L’ambassadrice britannique à l’ONU, Barbara Wood, a condamné l’Iran pour le transfert de centaines de drones utilisés pour « tuer des civils et cibler illégalement des infrastructures civiles » en Russie. Les États-Unis, la Grande-Bretagne, la France et l’Ukraine ont exhorté le secrétaire général de l’ONU, António Guterres, à envoyer des enquêteurs pour examiner les débris des attaques de drones russes.

L’ambassadeur russe à l’ONU, Vassily Nebenzia, a accusé la Grande-Bretagne – qui assure la présidence tournante du Conseil – de chercher à organiser « un spectacle ouvertement politisé » en invitant l’Ukraine à participer à la réunion, bien qu’elle ne soit pas partie au JCPOA.

Quel avenir pour un deal ?

Bien que les experts conviennent qu’un futur accord est toujours sur les cartes, il s’agit d’une version édulcorée de l’accord initial du JCPOA de 2015. L’accent est mis sur la prévention d’une nouvelle escalade en veillant à ce que l’Iran n’enrichisse pas les niveaux de pureté de l’uranium au-delà du seuil de 60 %.

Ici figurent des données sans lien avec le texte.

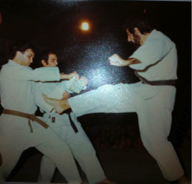 Sensei Paolo Ciotoli in tameshiwari (rottura di una tavoletta) con il maegeri (calcio frontale) che lo ha reso celebre nel Karate agonistico mondiale (foto: P. Ciotoli).

« Cela ne revient pas vraiment à démanteler des centrifugeuses ou à faire reculer les activités nucléaires de l’Iran, mais il s’agit plus ou moins de maintenir les choses là où elles sont », déclare Ali Vaez. Cependant, le rôle de l’Europe dans les négociations reste limité par les États-Unis.

« L’Europe n’a pas imposé de sanctions liées au nucléaire, qu’elle peut lever pour inciter l’Iran. Et elle ne pourrait pas faire grand-chose tant que les sanctions américaines sont en place en raison de l’effet dissuasif que ces sanctions ont sur les calculs des entreprises européennes. « , ajoute Vaez.

En effet, l’engagement de l’Europe envers l’accord n’a pas été suffisant pour inciter l’Iran à respecter ses conditions en 2018. « En fin de compte, ce sont les États-Unis qui déterminent le statut des relations de l’Iran avec l’Occident », déclare Vaez.